> _AIM OF THE TASK_
All lines in the records below from the line with "Radio, analog FM/AM" through the line with "中外藝術家在陽關景區涼亭集體寫生" are to be given again exactly, both ends included; the pictures are to be left out.

> _GIVEN RECORDS_
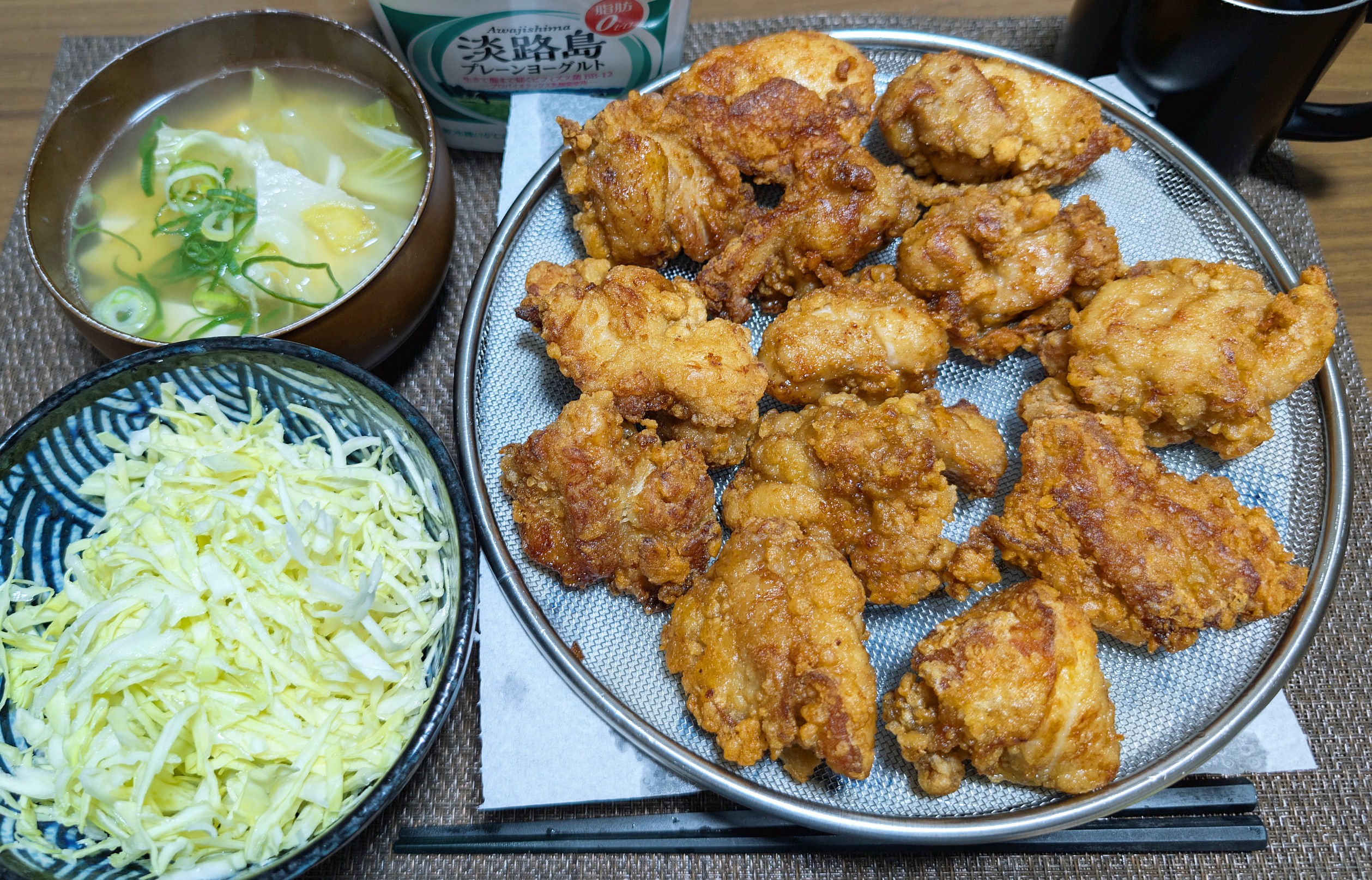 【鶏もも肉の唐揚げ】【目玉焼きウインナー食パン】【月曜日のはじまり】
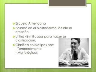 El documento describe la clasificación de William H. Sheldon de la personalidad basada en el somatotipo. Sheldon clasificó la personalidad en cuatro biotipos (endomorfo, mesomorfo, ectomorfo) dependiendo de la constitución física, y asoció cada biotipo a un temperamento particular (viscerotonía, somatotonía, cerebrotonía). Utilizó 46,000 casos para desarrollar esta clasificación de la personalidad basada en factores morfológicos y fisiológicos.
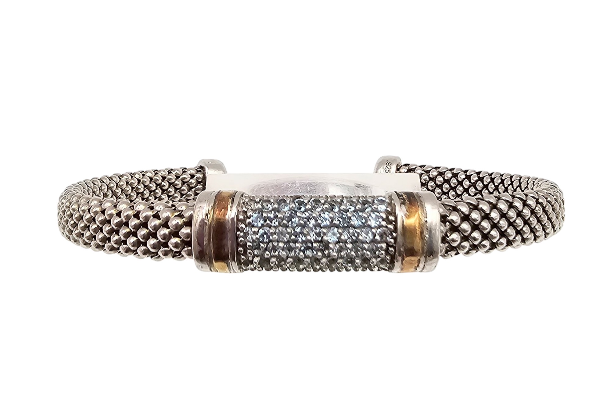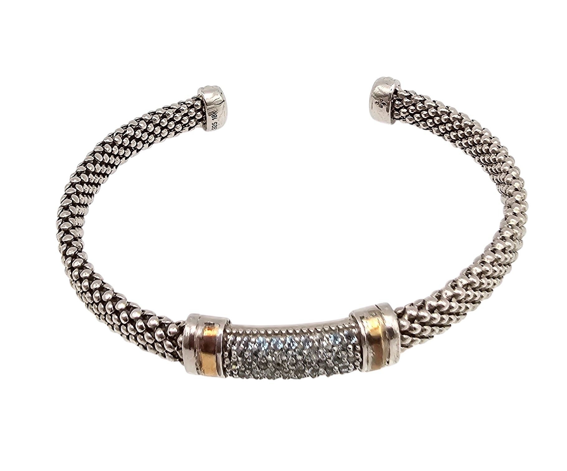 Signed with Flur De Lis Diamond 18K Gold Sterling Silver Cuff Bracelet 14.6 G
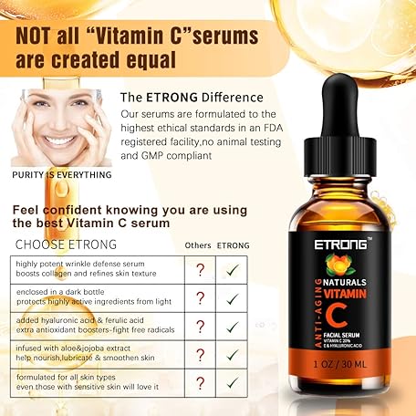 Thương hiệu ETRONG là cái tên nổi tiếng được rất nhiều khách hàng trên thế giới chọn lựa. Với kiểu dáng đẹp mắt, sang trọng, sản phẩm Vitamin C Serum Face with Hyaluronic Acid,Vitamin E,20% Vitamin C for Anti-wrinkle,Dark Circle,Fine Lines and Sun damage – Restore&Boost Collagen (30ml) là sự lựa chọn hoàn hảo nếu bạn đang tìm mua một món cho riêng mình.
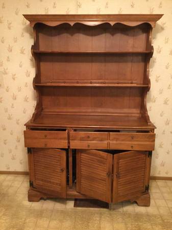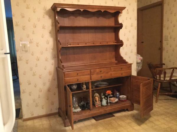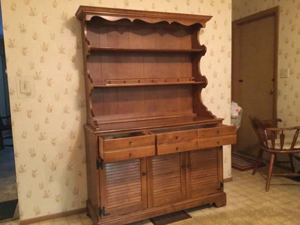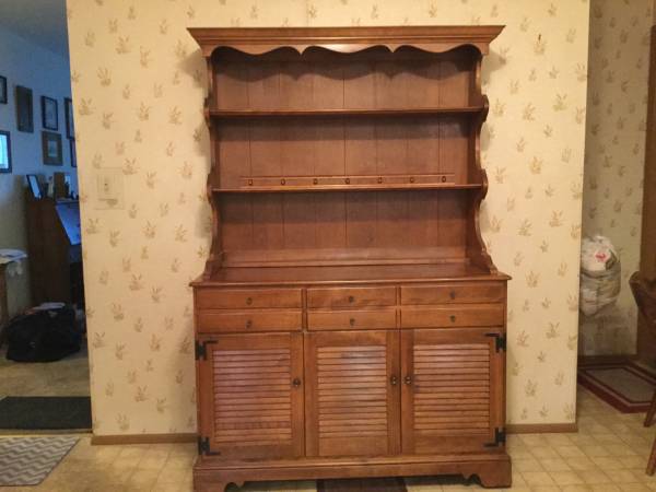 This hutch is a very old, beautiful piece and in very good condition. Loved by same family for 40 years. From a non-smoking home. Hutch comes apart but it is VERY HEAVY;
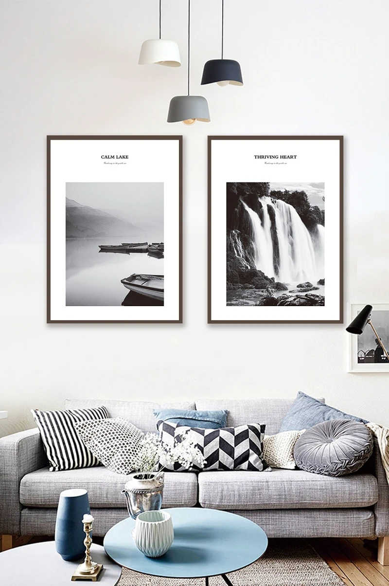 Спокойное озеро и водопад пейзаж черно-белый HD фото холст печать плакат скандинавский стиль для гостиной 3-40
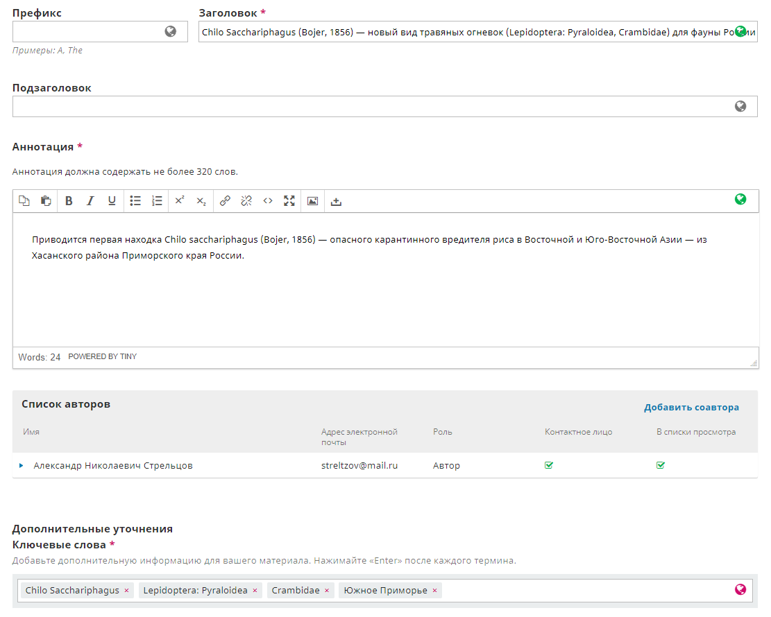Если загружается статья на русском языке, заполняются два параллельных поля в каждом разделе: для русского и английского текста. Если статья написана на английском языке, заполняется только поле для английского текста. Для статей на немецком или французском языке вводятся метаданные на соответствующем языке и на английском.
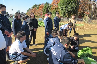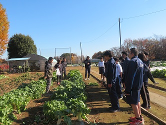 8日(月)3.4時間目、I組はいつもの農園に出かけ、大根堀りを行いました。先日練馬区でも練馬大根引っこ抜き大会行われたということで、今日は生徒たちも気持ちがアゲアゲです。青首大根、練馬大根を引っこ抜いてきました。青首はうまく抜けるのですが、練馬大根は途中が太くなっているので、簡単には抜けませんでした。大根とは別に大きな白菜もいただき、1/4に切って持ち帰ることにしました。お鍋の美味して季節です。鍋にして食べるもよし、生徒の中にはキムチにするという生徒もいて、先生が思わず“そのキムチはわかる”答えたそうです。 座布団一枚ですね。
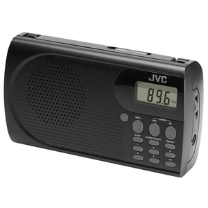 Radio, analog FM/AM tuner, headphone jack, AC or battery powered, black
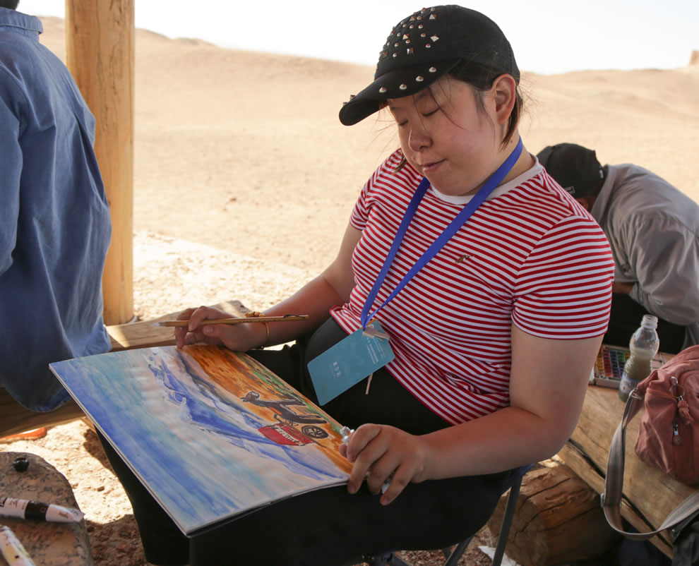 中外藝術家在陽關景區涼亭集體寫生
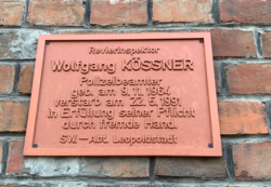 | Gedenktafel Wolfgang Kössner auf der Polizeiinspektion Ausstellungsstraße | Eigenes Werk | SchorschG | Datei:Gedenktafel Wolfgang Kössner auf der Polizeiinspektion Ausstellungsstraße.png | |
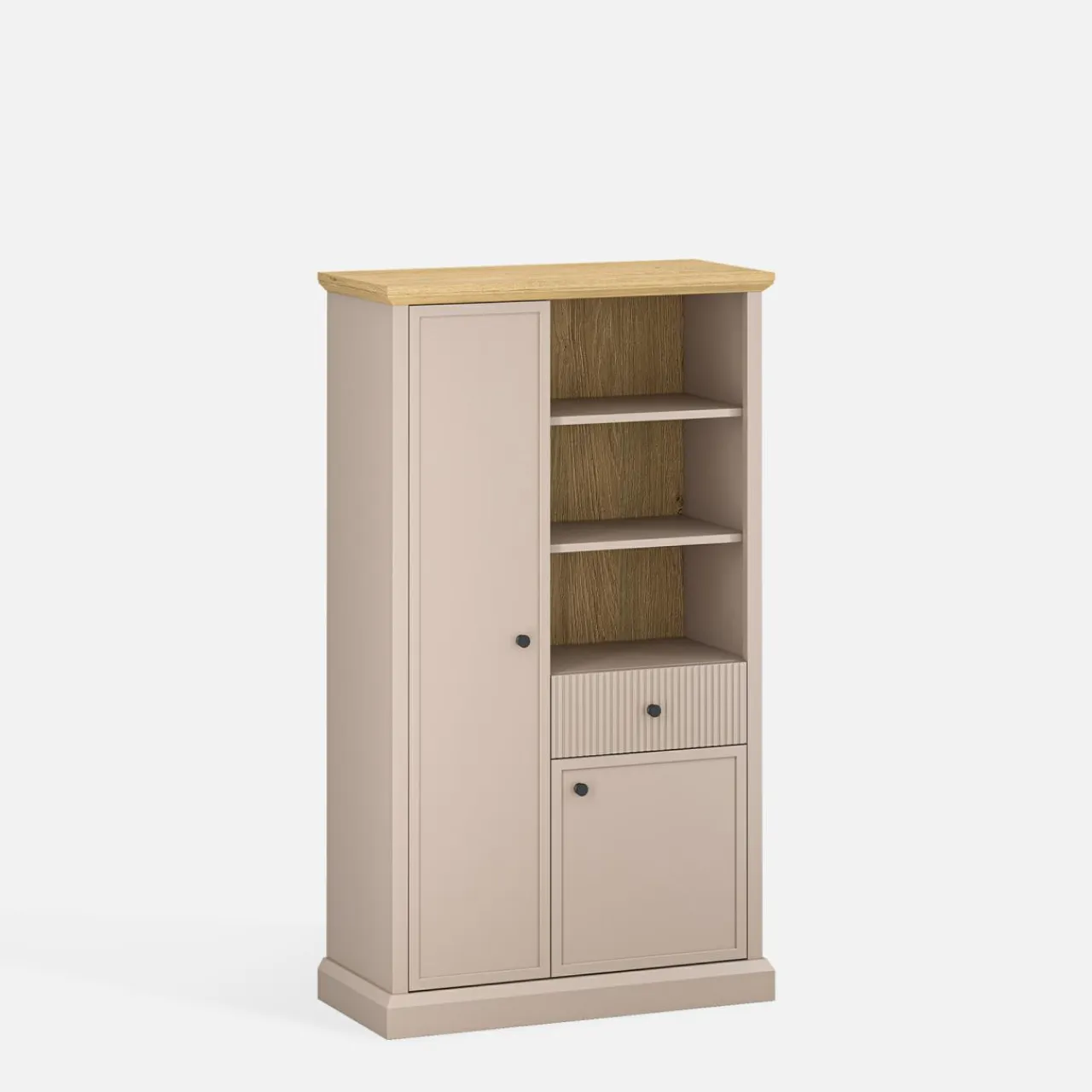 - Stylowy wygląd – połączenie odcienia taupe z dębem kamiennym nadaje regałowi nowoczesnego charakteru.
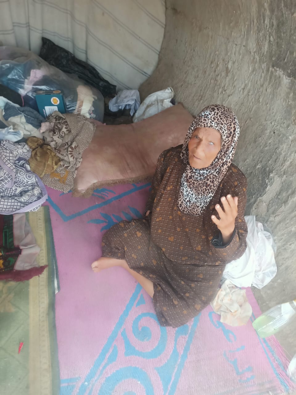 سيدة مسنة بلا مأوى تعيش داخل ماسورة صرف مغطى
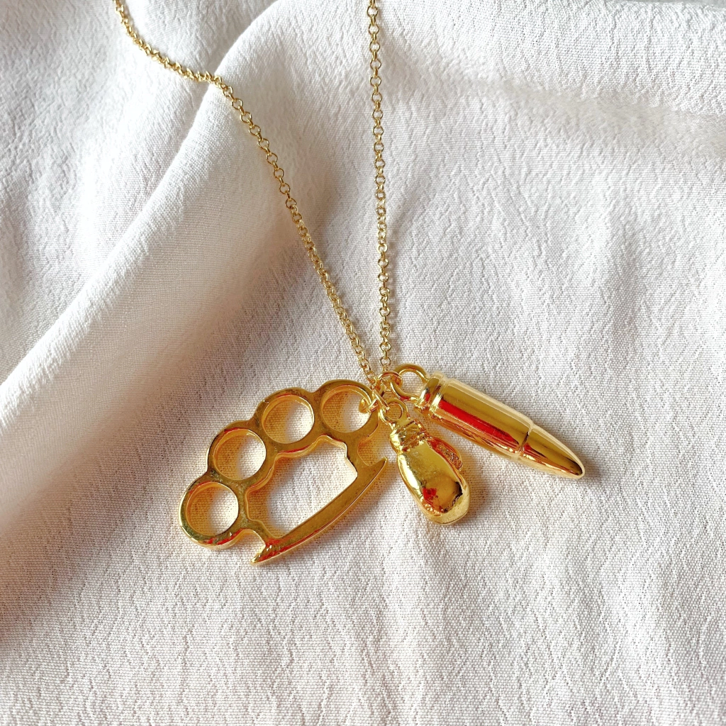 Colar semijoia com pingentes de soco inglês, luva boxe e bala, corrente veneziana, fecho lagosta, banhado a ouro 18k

> _YOUR SOLUTION_
 Radio, analog FM/AM tuner, headphone jack, AC or battery powered, black
 中外藝術家在陽關景區涼亭集體寫生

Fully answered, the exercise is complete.